Handling each page with a lot of care, McMillan ironed the books he didn’t want to see go into a pile of garbage.

McMillan and his children are thankful at least his action figures and the many other collection items were spared.

“G.I. Joe from 1964 – luckily these were up nice and high,” he said.

This was the second time McMillan’s house has flooded in four years, and he estimates he lost about $4,000 this time.

Officials with the City of Park Ridge said they don’t have an exact number of homes that were flooded this past weekend, but they received several calls.

Meanwhile in Des Plaines, residents have already dealt with serious flooding, and the storms have also caused some injuries.

A large branch from a tree damaged in the storms split from its base and fell to the ground, injuring 3-year-old twin girls Sunday afternoon. The girls’ mother was also injured, but none of their injuries is considered life-threatening.

In Des Plaines, homes were also threatened.
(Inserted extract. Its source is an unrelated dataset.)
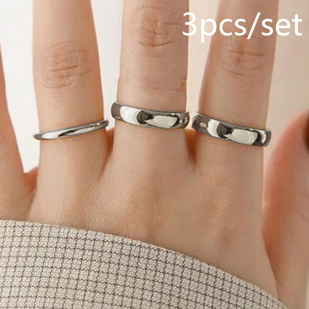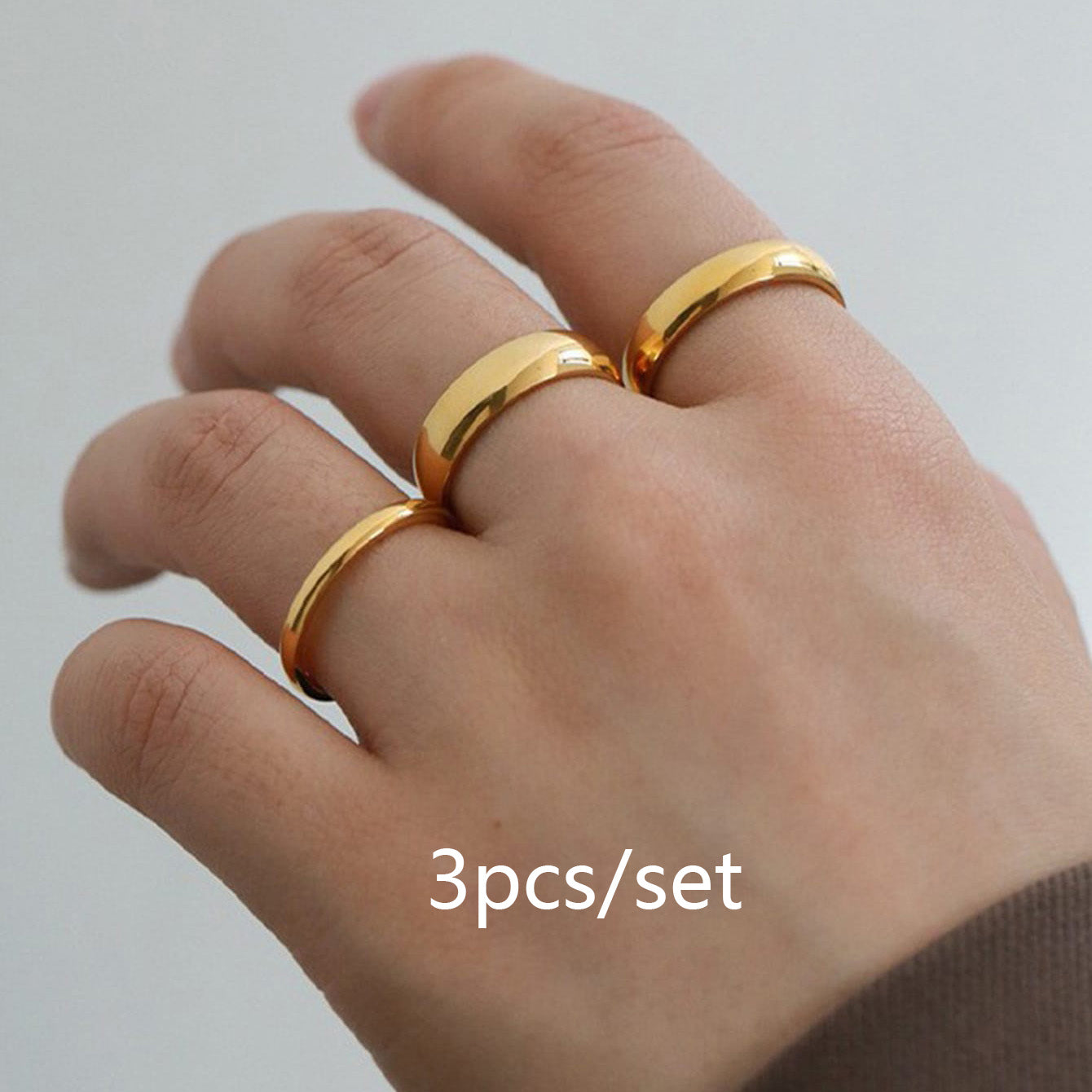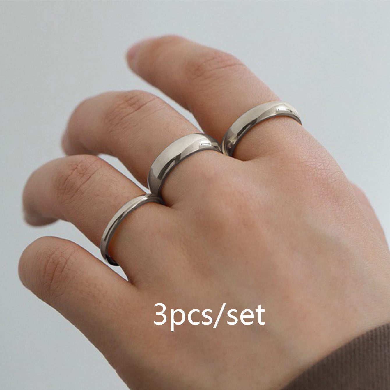 This minimalist ring set includes 3 stainless steel rings suitable for weddings, engagements, or everyday wear. Unisex design.

There were some street closures and flood damage, as residents rushed to place sandbags around their homes.

“It got to the third step of the house here, and 8 feet in the basement, and 4 feet in the garage,” said resident Tom Hooper.

But Hooper said not even sandbags would have helped.

“We kept the door closed to try to stop the water from pouring in. It broke the whole door jamb and everything, see, it tore it apart, from the force of the water,” he said.

Hooper took CBS 2 around his house, where it was hard to distinguish the river from his backyard.

“Right now, we’ve lost two furnaces, a 75-gallon hot water tank,” he said.

This is the 15th time Hooper’s home has flooded in the past decade.

“This one came real fast,” he said. “This is the fastest I’ve ever seen.”

The river crested at about 7.5 feet Saturday, but by Sunday evening, it was just above 5 feet.

“I very thankful, because now, something could be done,” he said.

Sandbags are up at three locations in Des Plaines – Big Ben Drive and Hawthorne Lane, Christ Church at Cora and Henry Avenues, and River Road at Howard Street.

Back in Riverside, the National Weather Service predicts now that most homes will avoid significant flooding. But park areas and forest preserves were already flooded Monday morning.

The storms over the weekend – particularly the round that swept through between about 1 and 3 a.m. Saturday – caused serious problems all around the area.

Around 160,000 ComEd customers lost power because of the storm, although unlike another violent storm two weeks ago, the vast majority had their power restored within the day.

Flooding was also widespread. The Fire Department had to rescue two semi-truck drivers who had to stand on top of their trucks as they became stranded in more than 10 feet of water on Interstate 57, the Sun-Times Media Wire reported. Flooding also forced many CTA buses to reroute from Lake Shore Drive.

At least one fire in the city, and two in Naperville, were believed to be caused by lightning from the storm.

Around 2 a.m. Saturday, a fire broke out in the two-story home at 1617 W. Byron St. in the West Lakeview neighborhood, and in the wee hours Sunday, fires broke out at 5423 Switch Grass Lane and 2520 Freeland Ct. in Naperville, each causing hundreds of thousands of dollars in damage, the Sun-Times Media Wire reported.

CBS 2 Meteorologist Megan Glaros says conditions are expected to be cooler, drier and less humid on Monday and Tuesday, with highs in the mid- to upper 80s. But highs return to the low 90s on Wednesday and Thursday, and there is a chance of thunderstorms every day from Wednesday through Friday.

Already, this is the second wettest July in history, with 9.04 inches through Sunday. The only year with more rainfall in July was 1889 – when the World’s Columbian Exposition was four years in the future – and when 9.56 inches of rain fell.